EXCERPTED DATA:
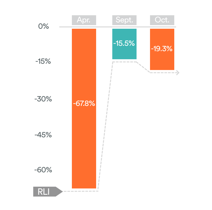 Our Recovery Leading Indicator (RLI) tracks spend in select discretionary categories to help brands measure consumer confidence throughout the recovery. It compares weekly spend in categories such as Salons, Apparel Retailers, Casual Dining and QSR restaurants, among others. For the week of Oct. 29, the RLI is down -19.3% YoY, the worst we’ve seen since late August.
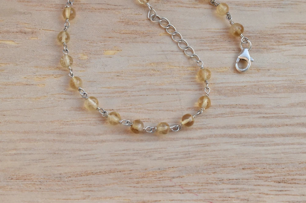 Welcome to our Shop! This bracelet is made with natural Citrine of 4mm size good quality handcrafted with sterling silver wire to give it elegant look. Bracelet has 4 cm/ 3cm adjustable chain for flexible fitting. This beautiful bracelet is made for all occasions. PERFECT GIFT FOR SPECIAL ONES! The listing uses professional photography that samples our collection. Each gemstone has its own beauty and is different in its own way, making them Unique in every parameter. YOU WILL RECEIVE THE MENTIONED STONE FROM OUR COLLECTION and will share picture before delivery . We can also customize it by choosing your choice of gemstones! When we customize jewelry for your clients we feel proud the share every details from selection of stones to getting the jewelry made , we will share you videos of the process !! KINDLY CONTACT US FOR FURTHER DETAILS! WE WOULD LIKE TO HEAR FROM YOU ! Gift packaging is available on request and is paid. Please contact for the same. Returns- We understand that it is very important to be satisfied with the Purchase you make. So for returns and exchange we request you to contact us within 3 days of delivery . Also it would be great if you could record while unpacking the parcel for better transparency ! the returns or exchange needs to be sent back and delivered within 7 working days. Return shipping is paid by the Buyer. For any queries Please feel free to message us. Normally we respond in maximum 24 hours. also visit our social media page - AGEEZA__ to get in touch with us !! Thank you
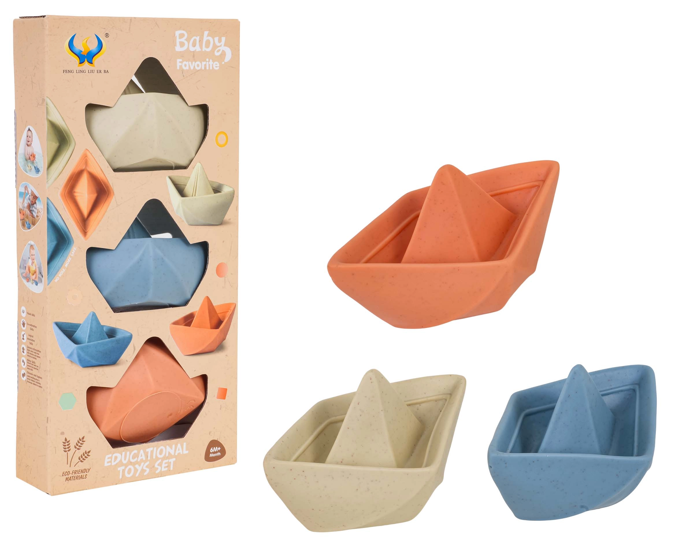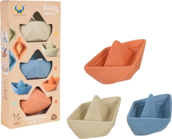 Ta komplet treh ljubkih čolničkov prinaša otrokom veliko zabave med kopanjem in igro na suhem. Trpežen, na otip prijeten material brez škodljivin je nežen do otroške kože in enostaven za vzdrževanje. Zaradi priročne oblike se čolnički zlahka zložijo en na drugega in pospravijo.
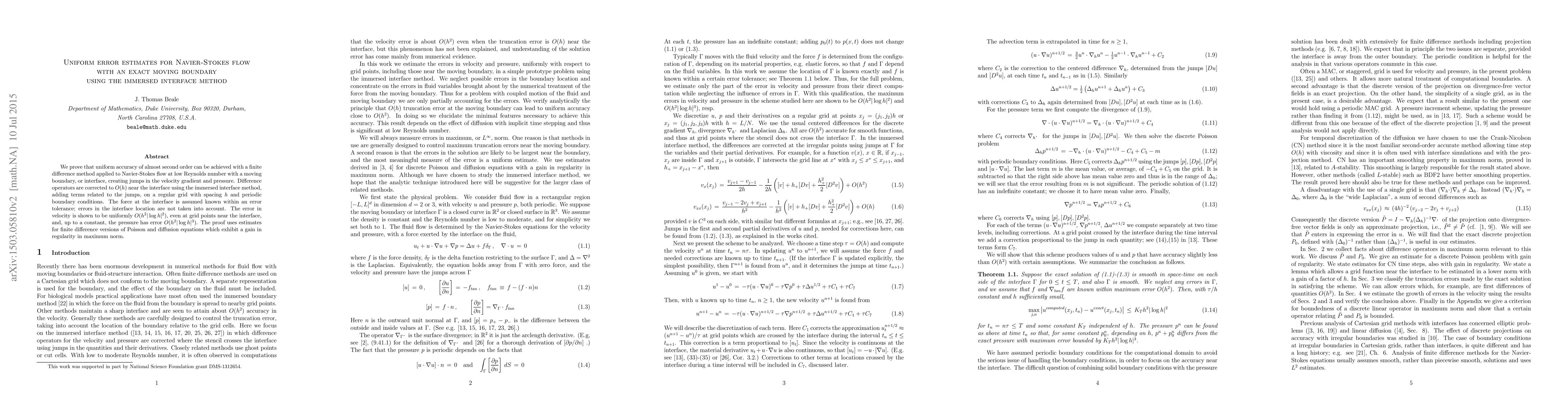 This paper demonstrates that a finite difference method using the immersed interface method can achieve almost second-order uniform accuracy for low Reynolds number Navier-Stokes flow with an exact moving boundary. The method corrects difference operators near the interface to $O(h)$, ensuring uniform $O(h^2|\log{h}|^2)$ velocity error and $O(h^2|\log{h}|^3)$ pressure error, even near the interface.
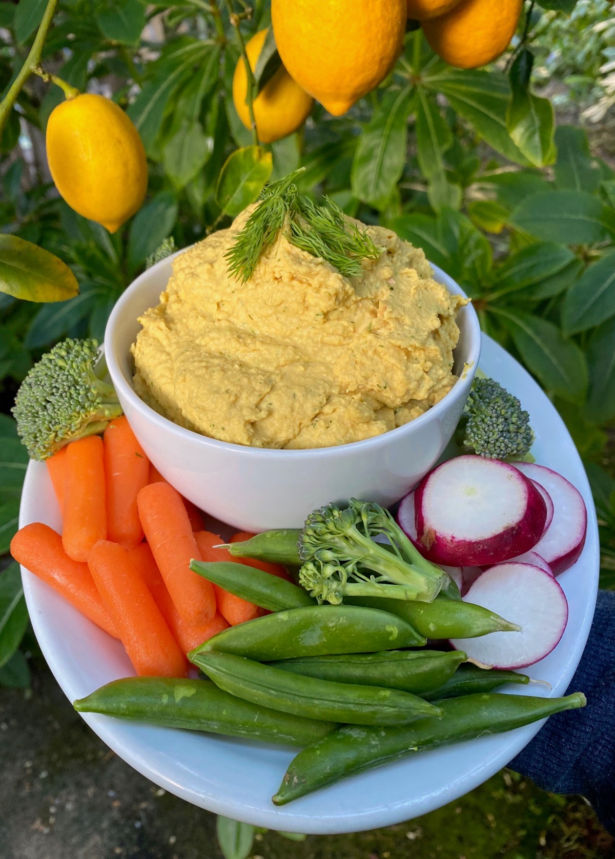 Homemade hummus is super easy and customizable. This is lemon and dill since that’s what I have on hand… but the possibilities are endless!

DESCRIPTION OF THE TASK:
When you reach the line with "Ta komplet treh" in the records above, begin repeating the lines exactly, and stop after the line with "This paper demonstrates". Skip all pictures.

RESPONSE AREA:
 Ta komplet treh ljubkih čolničkov prinaša otrokom veliko zabave med kopanjem in igro na suhem. Trpežen, na otip prijeten material brez škodljivin je nežen do otroške kože in enostaven za vzdrževanje. Zaradi priročne oblike se čolnički zlahka zložijo en na drugega in pospravijo.
 This paper demonstrates that a finite difference method using the immersed interface method can achieve almost second-order uniform accuracy for low Reynolds number Navier-Stokes flow with an exact moving boundary. The method corrects difference operators near the interface to $O(h)$, ensuring uniform $O(h^2|\log{h}|^2)$ velocity error and $O(h^2|\log{h}|^3)$ pressure error, even near the interface.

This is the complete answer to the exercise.